*PROBLEM TO WORK ON*:
Retype all entries exactly, skipping pictures.

Entries taken from a collection
○ ○ ○

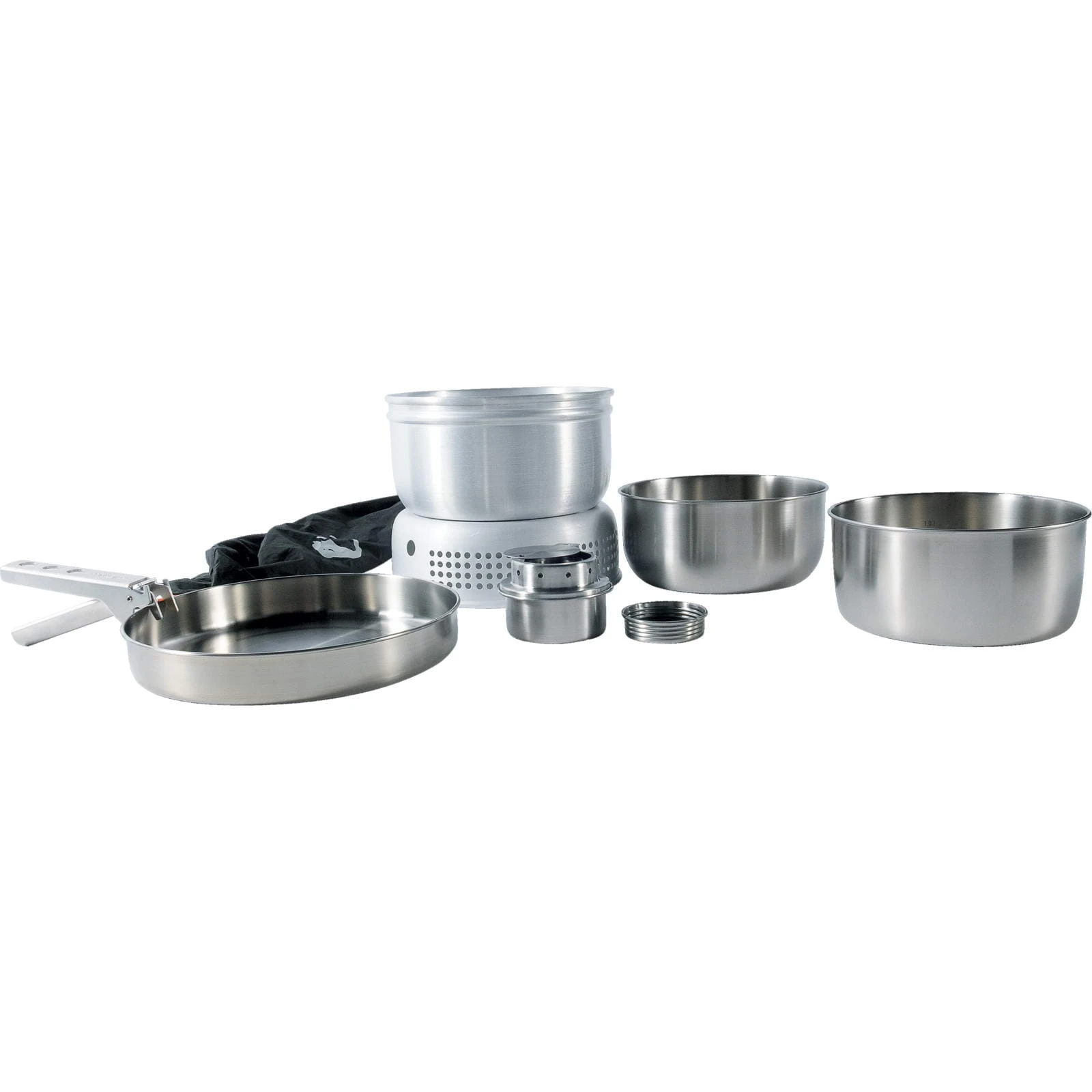 Auf diese Weise hat man viele Eisen im Feuer: Das Set in der Regular-Ausführung setzt sich aus Pfanne, kleinem Topf, großem Topf, Kochgestell, Brenner, Windschutz und Handgriff zusammen. Ein Kochkomplettset sozusagen.
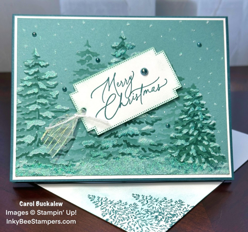 I repeated stamping of the small pine tree image from the Frosted Forest Stamp Set onto the envelope front and envelope flap and used a Blending Brush to lightly blend Pretty Peacock ink around the trees. To finish up the card I adhered multiple Pretty Peacock Blooming Pearls to the card front.
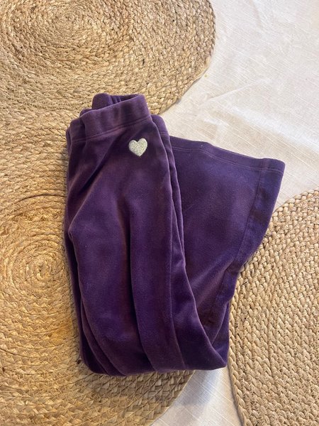 Ett par lila byxor med utsvängda ben i velour. Byxorna har en resår i midjan och en liten silverfärgad hjärtapplikation. Ifrån Lindex storlek 104
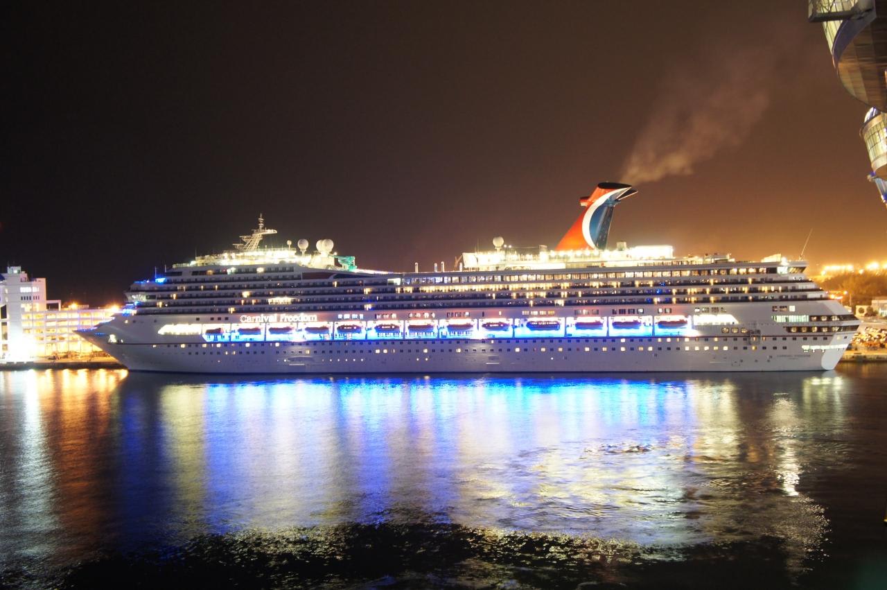 カーニバルフリーダムのライトアップが幻想的です。
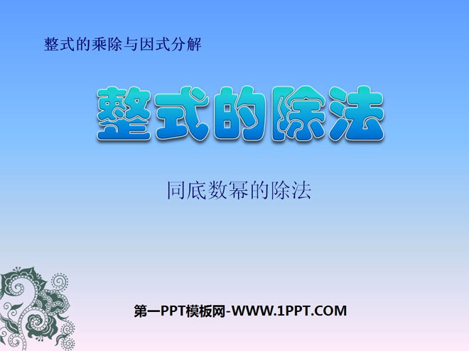 关键词:整式的乘除与因式分解课件,整式的除法课件,新人教版八年级上册数学PPT课件,八年级数学幻灯片课件下载,整式的乘除与因式分解PPT课件下载,整式的除法PPT课件下载,.ppt格式

○ ○ ○

*SOLUTION TO THE EXERCISE*:
 Auf diese Weise hat man viele Eisen im Feuer: Das Set in der Regular-Ausführung setzt sich aus Pfanne, kleinem Topf, großem Topf, Kochgestell, Brenner, Windschutz und Handgriff zusammen. Ein Kochkomplettset sozusagen.
 I repeated stamping of the small pine tree image from the Frosted Forest Stamp Set onto the envelope front and envelope flap and used a Blending Brush to lightly blend Pretty Peacock ink around the trees. To finish up the card I adhered multiple Pretty Peacock Blooming Pearls to the card front.
 Ett par lila byxor med utsvängda ben i velour. Byxorna har en resår i midjan och en liten silverfärgad hjärtapplikation. Ifrån Lindex storlek 104
 カーニバルフリーダムのライトアップが幻想的です。
 关键词:整式的乘除与因式分解课件,整式的除法课件,新人教版八年级上册数学PPT课件,八年级数学幻灯片课件下载,整式的乘除与因式分解PPT课件下载,整式的除法PPT课件下载,.ppt格式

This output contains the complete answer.